But is it so simple? On closer examination, the relation of sex, gender, and the body in The Embassy to Constantinople is dictated by a narrative that is cultural rather than somatic. Gender for Liudprand has more to do with nationality than anatomy. That which is foreign becomes that which is deficient and (by a familiar leap of logic) that which is feminine. The nasty Byzantines who treated the author so poorly (who in fact feminized him, taunting him with the nickname "Holy Mother") become a nation of eunuchs: all missing a vital signifier of power and authority that Liudprand, no matter how beleaguered, always confidently possesses. The essence of true manhood resides for Liudprand back home. He is merciless in his transformative rhetoric of representation: from the feminine the Greeks slip into the monstrous, so that the Emperor becomes "a monstrosity of a man, a dwarf, fat-headed with tiny mole's eyes; ...disgraced by a neck scarcely an inch long; piglike by reason of the bristles on his head; in color an Ethiopian." Masculinity and femininity are terms that construct bodies personal and national. Edward Said has written about East-West relations along these lines in Orientalism: in Said's interpretation the East is depicted as seductive, enticing - ready to be conquered by the hypermasculine West. In Liudprand's vision the East is a culturally repulsive place, a deficient body made monstrous by the fact that it is fully neither masculine nor feminine, but something in between, something characterized by a lack simultaneously sexual and cultural. Reference to the material body alone simply does not sufficiently explain Liudprand's vision of gendered identity.

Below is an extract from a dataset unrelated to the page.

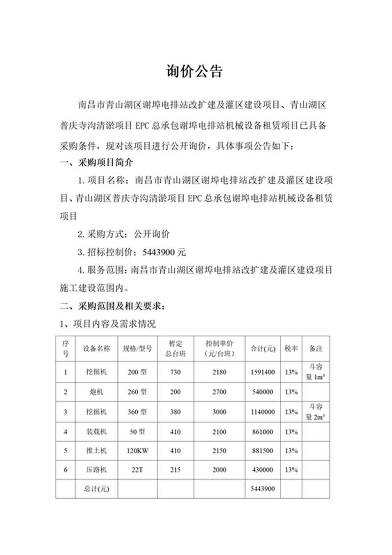 南昌市青山湖區(qū)謝埠電排站改擴建及灌區(qū)建設(shè)項目、青山湖區(qū)普慶寺溝清淤項目EPC總承包謝埠電排站機械設(shè)備租賃項目詢價公告
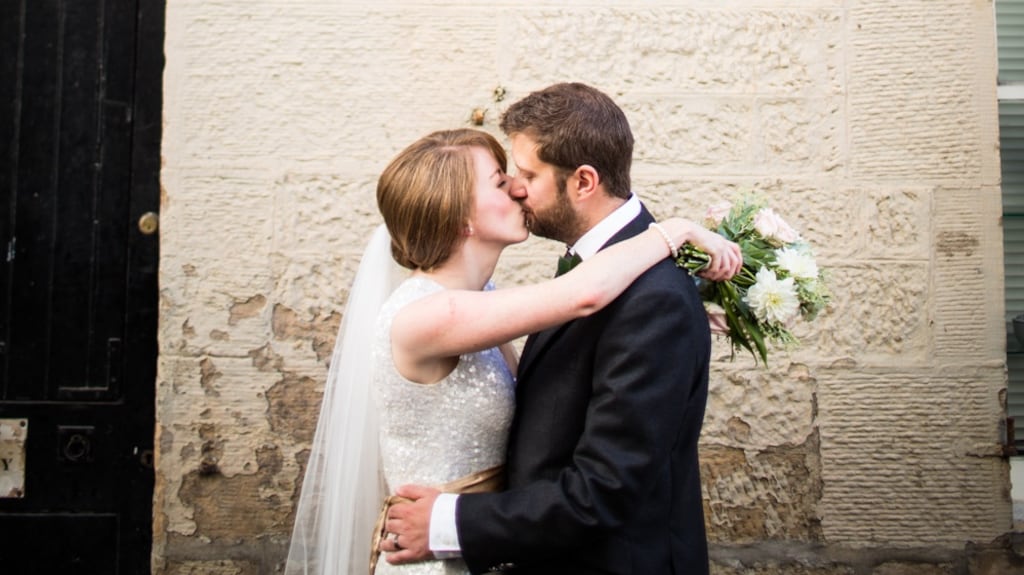 He commissioned a ring from jeweller Jen Cunningham, who incorporates landscapes into her work. “My ring is the landscape of Dundee in a mixture of yellow and white gold with three diamonds – representing past present and future – set in the ring like stars. I love it,” says Emma, the daughter of John and Catherine Hickey. The couple married on October 24th, 2015, the 10-year anniversary of their first date, in the Hotel du Vin, Edinburgh.

Just as masculinity cannot be disentangled from specific cultural configurations of the body in its imagined modi operandi, so too specific formulations of masculinity like heroism cannot be isolated from the complex of social relationships that imbue gender with meaning. Liudprand's narrative mixes national, personal, and gender identity into a generative broth that yields a rhetorically effective narrative; what he accomplished in parvo was taking place within a larger pattern of category dependency throughout the Middle Ages. Christian (male) identity, for example, was often defined by apposition with and opposition to Muslim "monstrosity." Detailed descriptions of supposed Saracen atrocities abound, often representing the Muslim intrusion into the Holy Land as a violation of the Christian body (forced circumcision, evisceration, dismemberment). Michael Uebel observed that "the body in pain is objectified [in these accounts], turned into a thing whose boundaries preventing undifferentiated contact with the external world are annihilated by the Saracens ... The threat posed to the national/religious body is that of the monster, whose existence is defined by the disruption of boundaries, by the mutation and opening up of the Christian corpus, and by the blurring of the crucial division between interiority and exteriority. The monstrous other disrupts the Christian universe and produces its limits - such is, perhaps, the paradox of otherness."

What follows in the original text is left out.